- Also known as: Shane Fenton
- Born: Johnny Theakston 1944 Mansfield, Nottinghamshire
- Died: August 1961 (aged 16–17) Mansfield General Hospital, Mansfield, Nottinghamshire
- Genres: rock and roll
- Formerly of: Shane Fenton and the Fentones

= Johnny Theakston =

Johnny Theakston, also known as Shane Fenton (1944–1961) was an early rock and roll singer who was the original lead singer to perform under the Shane Fenton stagename in his band Shane Fenton and the Fentones. Theakston would have been the face of the band, but died at the age of 17.

Theakston originally sang skiffle music, but changed to rock and roll when the genre started to emerge. Wanting to adopt an American sounding name, he became Shane Fenton: 'Shane' from the western, Shane, and 'Fenton' from a local printing firm. His backing groups would then be known as The Fentones. He soon befriended Bernard Jewry, who became a roadie for them and occasionally sang on stage with Theakston.

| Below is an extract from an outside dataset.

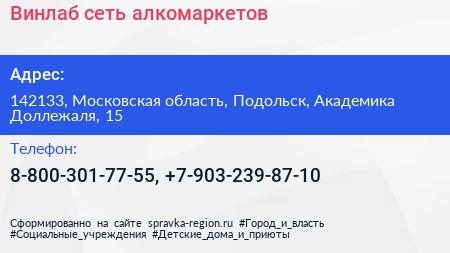 Винлаб, сеть алкомаркетов по адресу 142133, Московская область, Подольск, Академика Доллежаля, 15 в дальнейшем Организация, размещена в следующих категориях:

In 1961, the band sent a demo tape to European label Parlophone and the BBC and were offered an audition, but a few days before the audition was to take place, Theakston fell ill. Seeing how ill he looked, Jewry agreed to step in for him. Theakston subsequently fell severely ill and was rushed to hospital, where he died two days later. Jewry later recalled: "I found him sitting on the settee in the lounge, with blankets wrapped all around him, very ill and too weak to stand." Theakston's cause of death was heart failure: his heart had been weakened since contracting rheumatic fever as a child.

Because the BBC had given the group a slot on the Saturday Club radio show (and presumably under contract), they were unable to disband, and so continued with Jewry on lead vocals. Requested by Theakston's mother, Jewry took Theakston's stagename, and continued as Shane Fenton and the Fentones. Shane Fenton and the Fentones would have four songs in the UK charts between 1961 and 1962. Their best known song, "Cindy's Birthday", went to number 19.